Wolfe measured the determination in Jessica’s eyes and knew she wouldn’
t back down on this issue. He could either carry the pot for her or stand by and watch her pour two gallons of scalding water over herself.
“I’ll carry the bloody water,” he snarled.
Ten minutes later, Wolfe had filled the long, narrow tub, drawn more buckets to heat, and stoked the stove. He stripped off his clothes and lowered himself into the water.
“All right, your ladyship,” he called. “Come and wash your husband.”
“What?”
“Wash me,” Wolfe said impatiently. “That’s something even you should be able to manage.”
The stunned look on Jessica’s face as she came to the doorway should have made Wolfe laugh; instead, it made him angry.
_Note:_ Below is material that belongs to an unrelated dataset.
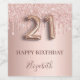 Elégant, classique, glamour et girly pour une fête de 21ème anniversaire. or rose et rose vif, arrière - plan dégradé. Décoré d'or rose, de gouttes de parties scintillant rose, de la peinture goutte à goutte. Personnalisez et ajoutez un nom. Avec le texte : Joyeux anniversaire. Le texte est écrit avec un script de style de style à la main de couleur rose foncé moderne. Le numéro 21 est écrit avec une police de style ballon.
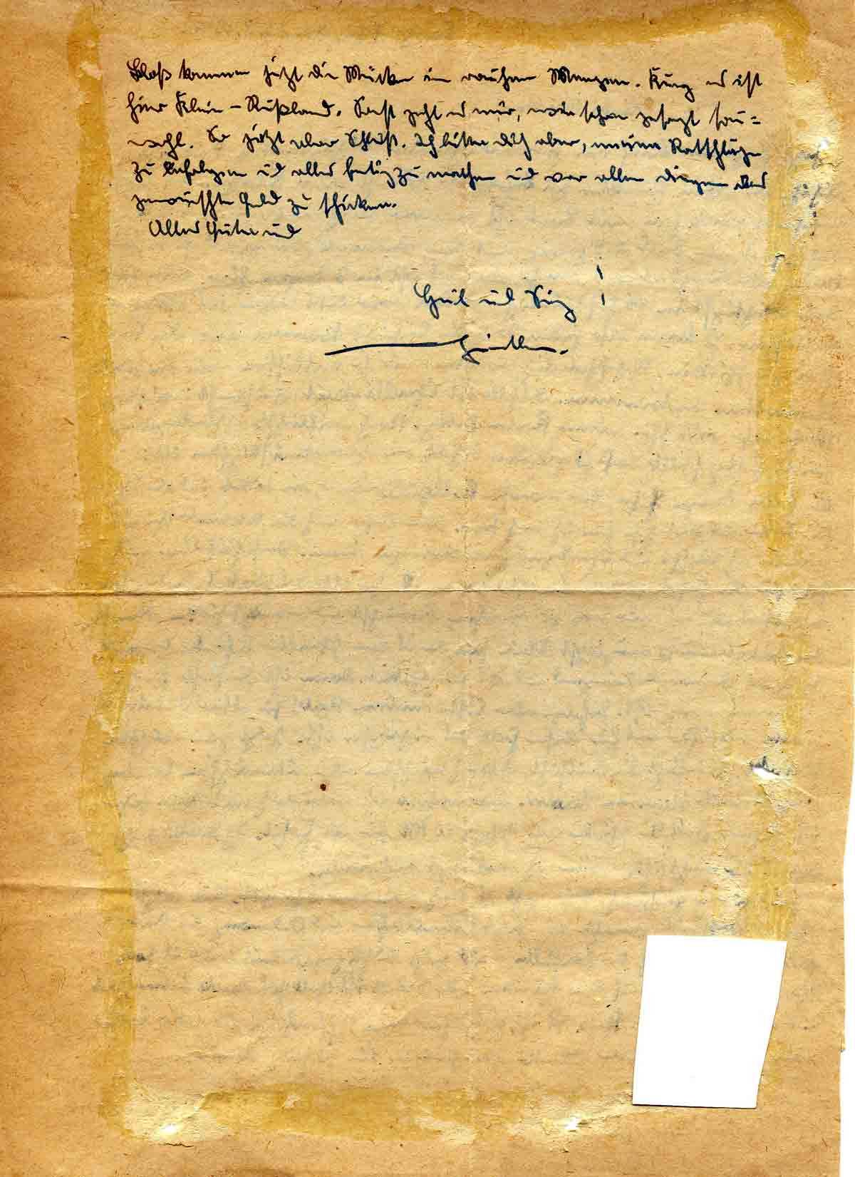 Bloß kommen jetzt die Mücken in rauhen Mengen. Kurz, es ist hier Klein-Rußland. Sonst geht es mir, wie schon gesagt, sauwohl. So, jetzt aber Schluß. Ich bitte Dich aber, meine Ratschläge zu befolgen und alles fertig zu machen, und vor allen Dingen, das gewünschte Geld zu schicken.

He had been looking forward to putting Lady Victoria’s advice to work: Teach the little nun not to fear a man’s touch.
“Don’t worry, Sister Jessica,” Wolfe said curtly, turning his back as she edged up to the tub, “washing me won’t make you pregnant.”
She didn’t answer. She didn’t even hear Wolfe’s words. The sight of him naked in his bath had taken her breath away. She had been too shaken that night in Lord Stewart’s house to realize how physically magnificent Wolfe was, but now there was no wild panic or pain to distract her.
Now there was nothing but Wolfe’s tawny body gleaming with water and rippling with masculine power.
A curious heat stirred in the pit of Jessica’s stomach, as though she had swallowed a tiny butterfly with wings of golden flame. It reminded her of the hotel in St. Joseph, when the feel of Wolfe brushing her hair had sent heat and pleasure cascading through her.
There’s passion in you, Jessi.
Fear burst in Jessica, chilling the soft heat that had come at the sight of Wolfe sitting in his bath.
I can’t be passionate. I’m not some stupid lamb frisking off to slaughter. If my stomach feels odd, it’s because I’m so tired I’m cross-eyed.
“I’m waiting, wife,” Wolfe said.
Jessica opened her mouth. All that came out was a breathless sound. Wolfe rose from the dark, gently steaming water of the bathtub like a torso by an Italian sculptor: smoothly muscled, poised, powerful, quintessentially masculine in its elegance.